## Records provided:
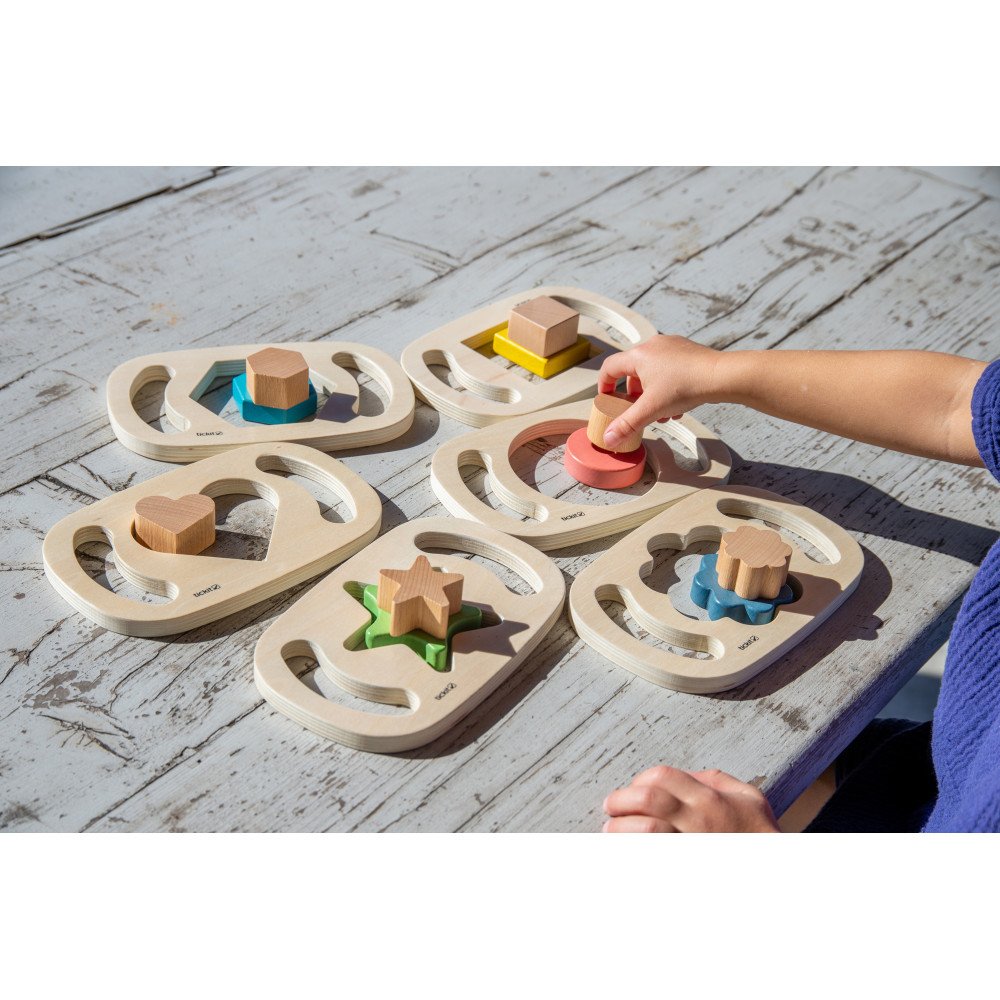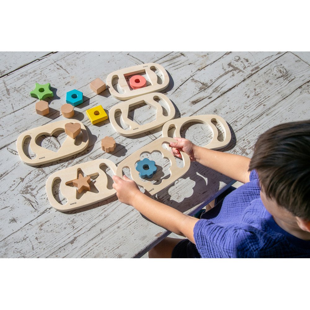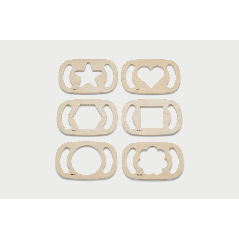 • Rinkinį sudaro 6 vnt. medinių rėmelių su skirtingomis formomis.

==

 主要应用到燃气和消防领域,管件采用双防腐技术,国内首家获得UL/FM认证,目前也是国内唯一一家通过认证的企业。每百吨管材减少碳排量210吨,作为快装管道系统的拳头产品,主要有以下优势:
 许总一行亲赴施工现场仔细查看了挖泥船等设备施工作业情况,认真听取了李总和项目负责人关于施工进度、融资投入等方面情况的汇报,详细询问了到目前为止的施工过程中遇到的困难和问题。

...

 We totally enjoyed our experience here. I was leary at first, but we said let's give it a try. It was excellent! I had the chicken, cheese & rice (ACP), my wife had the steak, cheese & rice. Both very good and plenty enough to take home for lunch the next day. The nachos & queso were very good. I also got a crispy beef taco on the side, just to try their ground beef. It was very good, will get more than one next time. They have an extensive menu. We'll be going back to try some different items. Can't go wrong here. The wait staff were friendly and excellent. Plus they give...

## Assignment:
Among the records above, only the lines between the line holding "主要应用到燃气和消防领域,管" and the line holding "许总一行亲赴施工现场仔细查看", inclusive, are to be output, exactly as written.

## Response to the exercise:
 主要应用到燃气和消防领域,管件采用双防腐技术,国内首家获得UL/FM认证,目前也是国内唯一一家通过认证的企业。每百吨管材减少碳排量210吨,作为快装管道系统的拳头产品,主要有以下优势:
 许总一行亲赴施工现场仔细查看了挖泥船等设备施工作业情况,认真听取了李总和项目负责人关于施工进度、融资投入等方面情况的汇报,详细询问了到目前为止的施工过程中遇到的困难和问题。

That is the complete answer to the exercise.